Last week I was privileged to attend the Ninth Annual Justice John Paul Stevens Award Luncheon on at Chicago’s Standard Club. This year the event was especially noteworthy because the awards namesake, Justice Stevens, was in attendance.
The award luncheon was started in 2000 by former law clerks to Justice Stevens. Justice Stevens has served on the Supreme Court bench for 33 years (he was nominated by then President Gerald Ford in 1975 to take the place of retiring Justice William O. Douglas), and is approaching the all-time record for service. The justice appeared well and delivered his remarks in a robust and strong-voiced delivery that could be associated with a much younger person.
The 88 year-old U.S. Supreme Court Justice spoke in depth about former Chicago Mayor Richard J. Daley and the current mayor, Richard M. Daley.
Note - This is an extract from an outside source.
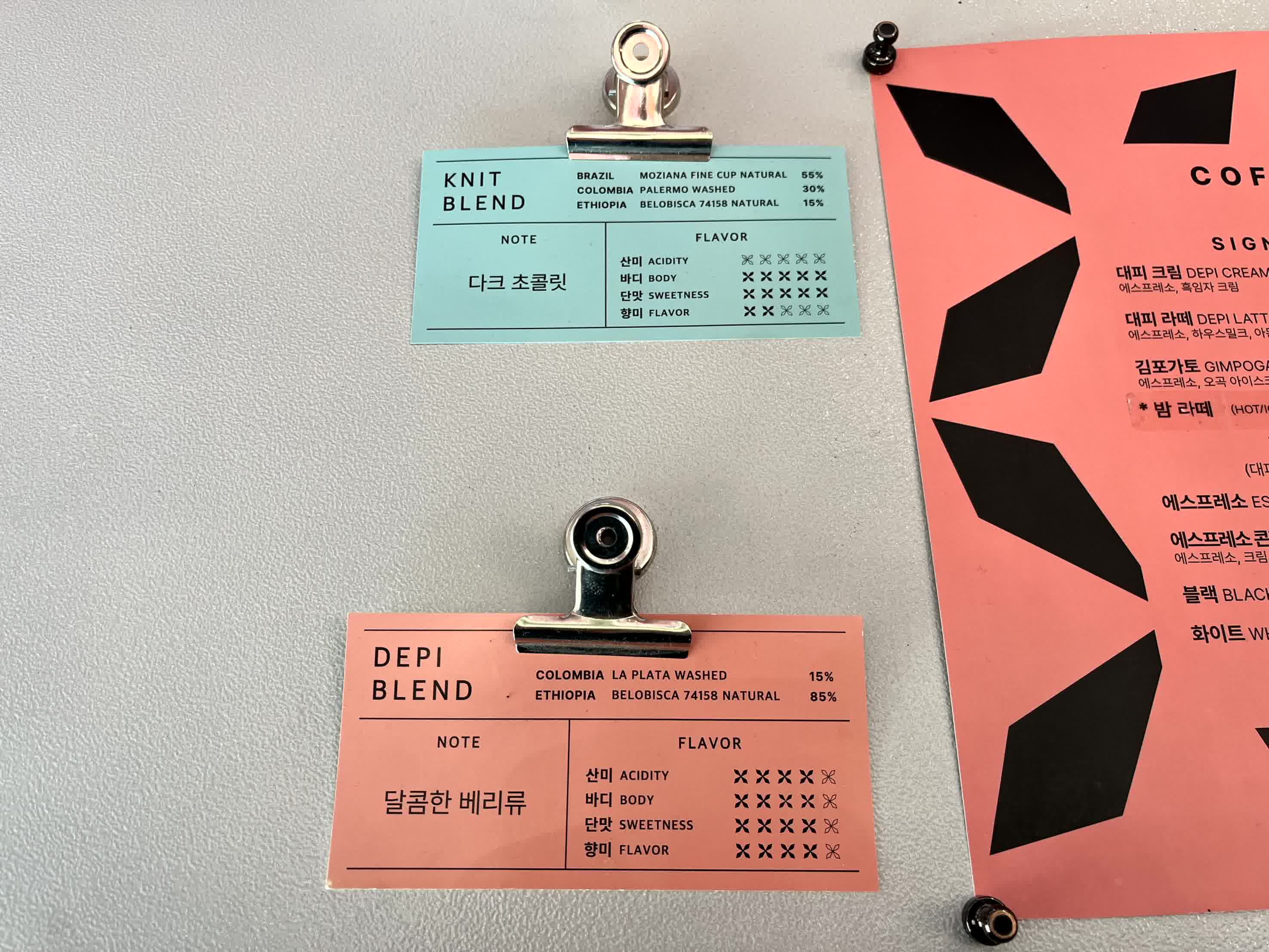- 니트 블렌드 : 브라질 55%, 콜롬비아 30%, 에티오피아 15%

Justice Stevens is a Chicago native, and after clerking for a Supreme Court Justice, Stevens returned to Chicago to practice law. Upon his return Justice Stevens paired up with Richard J. Daley, a state representative at the time, to fight for integration and civil rights within Chicago’s law societies. Justice Stevens commended both Mayor Daleys for their efforts in Chicago.
In addition, Justice Stevens spoke about the legal definitions of words like “people” and “liberty” in the written law, the constitution and in opinions found in cases. How these words are interpreted shapes our understanding of the law in different settings.
Also honored was attorney John B. Simon, United States Court of Appeals Judge Ann C. Williams and Illinois Supreme Court Chief Justice Thomas R. Fitzgerald. All of the award recipients spoke about their legal careers and honored they were to have received the award bearing Justice Stevens’s name in his presence.